As most diagnoses are made after the age of 18, proper treatment only starts in early adulthood. Despite the severity of this illness, it is considered a condition with a good prognosis; it is thought to improve with time, as after 2 years, around 25% of patients experience remission. The available treatment for BPD is overall positive.


A complication with the treatment is the frequent comorbidity with other mental disorders such as anxiety disorders, depression, eating disorders, and substance abuse disorders. When there is comorbidity with other illnesses, recovery usually takes longer. With an early diagnosis and treatment, a further establishment of dangerous behaviors can be prevented.


What are some types of treatment for BPD?

There are many types of treatment that target the symptoms and causes of BPD. Listed below are the most commonly used practices:


Dialectical behavior therapy(DBT)

Designed specifically to treat BPD, dialectical behavior therapy has a problem-solving approach to control the emotional instability so common in borderliners. This therapy revolves around mindfulness, the practice of being an observer of your inner workings. Thanks to mindfulness, people can be, as the word describes, more mindful of the present moment and less carried away by worries and intense emotions. Overall, mindfulness strives to reach a higher level of balance.


DBT can be executed face to face with a therapist, in a group setting, and, if needed, through phone calls.


This type of therapy is the most studied one and also the one that is shown to be the most beneficial.

Transference-focused therapy(TFP)

This type of treatment is a twice-a-week therapy that focuses on helping the patients comprehend their emotions and interpersonal problems through the relationship between the patient and therapist.

Mentalization-based therapy(MBT)

This type of therapy teaches people with BPD how to identify and understand the potential thoughts and emotions of others so that they can respond more appropriately.

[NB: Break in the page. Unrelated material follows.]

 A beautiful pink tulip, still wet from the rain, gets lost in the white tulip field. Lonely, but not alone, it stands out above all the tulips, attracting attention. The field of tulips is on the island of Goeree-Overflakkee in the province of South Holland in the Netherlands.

Emotion Regulation Therapy(ERT)

Intense emotional episodes and (self)destructive behavior result in a dysfunctional attempt to cope with the overwhelming emotional episodes. Emotion Regulation Therapy focuses on teaching patients how to deal with these emotional outbursts through mindfulness and various skills to regulate and manage their emotions. This therapy is often in a group setting.


Can medication cure BPD?

Although medication cannot cure BPD in itself, it can help with other comorbid disorders such as depression and anxiety, simplifying the overall picture. Medication can be very effective in treating these conditions and their symptoms, but it also has side effects. For this reason, patients suffering from BPD are encouraged to discuss with their doctor the benefits and side effects of medication.

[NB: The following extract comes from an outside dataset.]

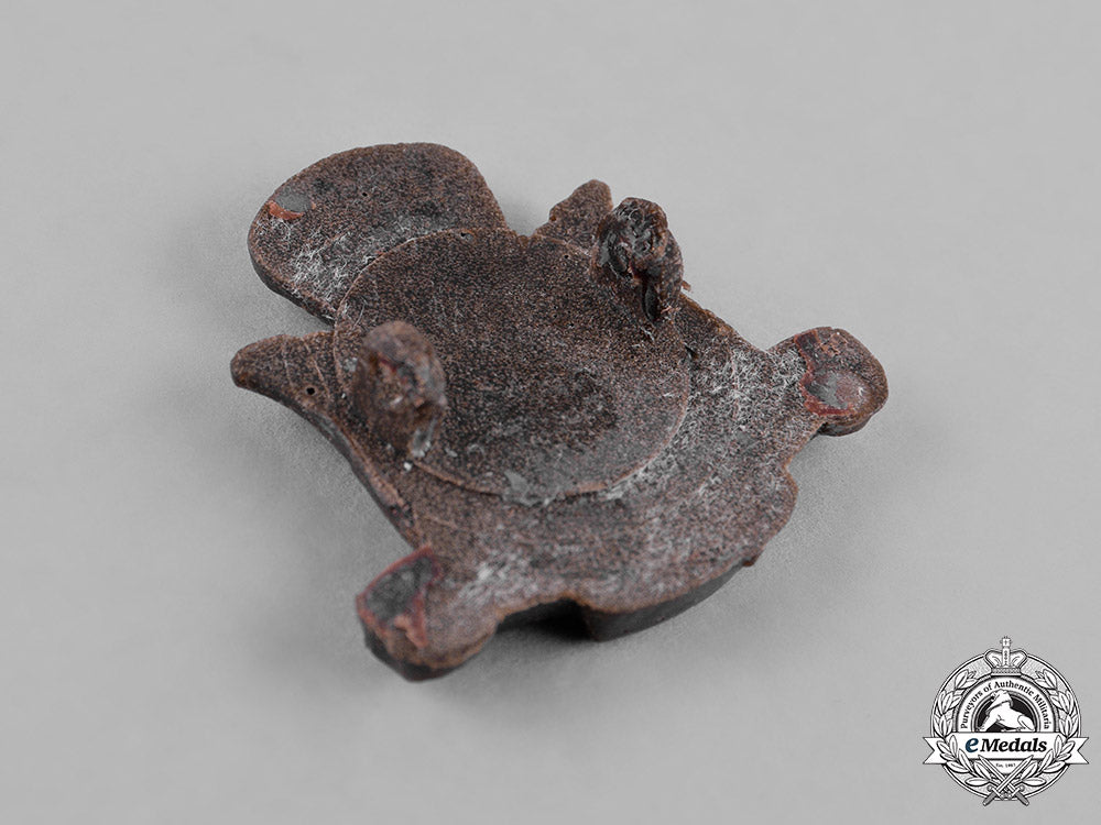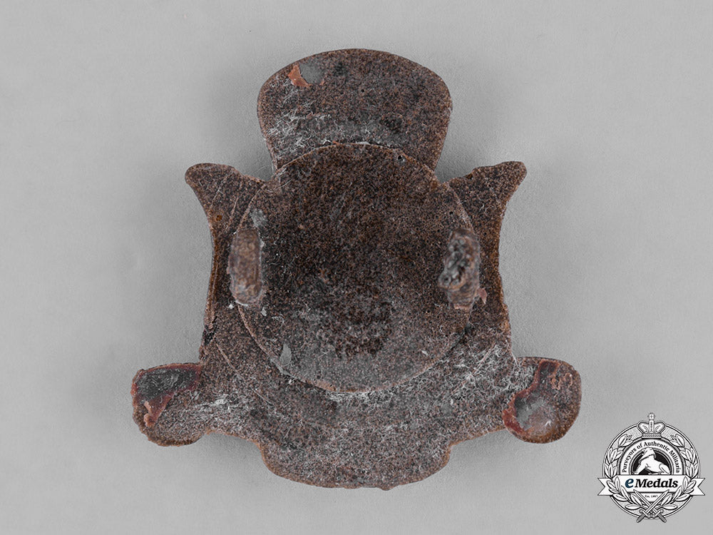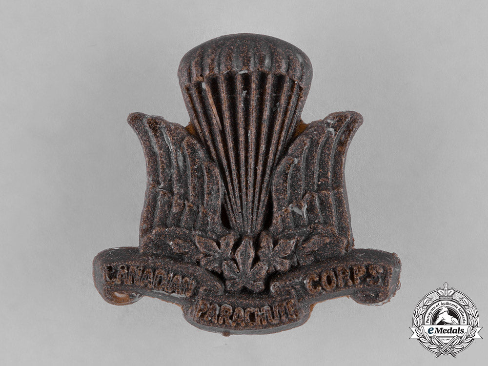 Footnote: Cap badges were usually made of white metal, brass, copper or bi-metal. Most commonly brass and white metal were used. With the shortage of ferrous metal towards the end of 1940, an alternative material was needed for the manufacture of cap badges. Rolled brass and bakelite were among the materials tested but it was cellulose acetate that was finally selected, as it was a modern plastic that could be used with injection molding equipment. The first cellulose acetate badges were produced in December of 1941 and were limited to the corp. level, with the regimental level badges going into production in June of 1942. Since the average soldier preferred the metal badges over the plastic and they were produced for a short period of time, plastic cap badges can be fairly rare.

Medications commonly used to treat BPD are antidepressants, antipsychotics, mood stabilizers, and anxiolytics such as benzodiazepines.

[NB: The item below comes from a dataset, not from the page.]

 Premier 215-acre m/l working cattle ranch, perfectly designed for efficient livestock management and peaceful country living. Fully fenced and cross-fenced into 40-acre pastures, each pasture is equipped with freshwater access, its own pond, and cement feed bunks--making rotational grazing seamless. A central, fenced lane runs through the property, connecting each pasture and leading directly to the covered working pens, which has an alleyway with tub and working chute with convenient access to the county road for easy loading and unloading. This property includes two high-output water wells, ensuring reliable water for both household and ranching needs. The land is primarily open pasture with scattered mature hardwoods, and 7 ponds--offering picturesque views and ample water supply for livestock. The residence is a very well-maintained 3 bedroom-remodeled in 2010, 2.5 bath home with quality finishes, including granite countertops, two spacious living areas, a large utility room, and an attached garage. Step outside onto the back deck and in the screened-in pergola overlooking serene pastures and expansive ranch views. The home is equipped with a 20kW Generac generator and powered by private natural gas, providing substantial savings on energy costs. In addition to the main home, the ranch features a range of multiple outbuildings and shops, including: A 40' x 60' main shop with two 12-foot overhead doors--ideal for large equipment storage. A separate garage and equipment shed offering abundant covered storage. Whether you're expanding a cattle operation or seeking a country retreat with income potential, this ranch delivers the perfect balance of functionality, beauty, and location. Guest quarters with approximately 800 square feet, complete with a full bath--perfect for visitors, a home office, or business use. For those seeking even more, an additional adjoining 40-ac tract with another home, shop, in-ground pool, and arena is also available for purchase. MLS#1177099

Although BPD is not a psychotic disorder, antipsychotics can help lessen paranoia and anxiety.

Self-Care to treat BPD

Even if it does not seem as important as the other therapies, self-care is essential, to say the least. With self-care, we mean a nutritious diet, regular exercise, good sleep habits, and medication (as advised by the prescribing doctor). Also, quality time with friends and family, a fulfilling job, and stress management are all essential. Without self-care, BPD symptoms can intensify.


Recovery and remission from BPD treatment

In BPD, both remission and recovery are possible. The course of the disorder often starts in adolescence, and then the outlook improves with time.


Going into remission means that the person does not qualify for a BPD diagnosis anymore, while recovery suggests that the individual can function well in society for an extended period. This means that the individual can maintain meaningful relationships, hold a job or education, and function in their daily life.


However, even after recovering from BPD, comorbid disorders such as depression, anxiety, and substance abuse can linger. Despite this, research has shown that a full-blown flare-up of BPD is very unlikely to take place after remission.


Finally, a word of encouragement: BPD does not have to be a lifetime sentence. Early intervention, therapy, and a support net are all pillars of recovery. At the end of the day, someone with BPD can fully recover.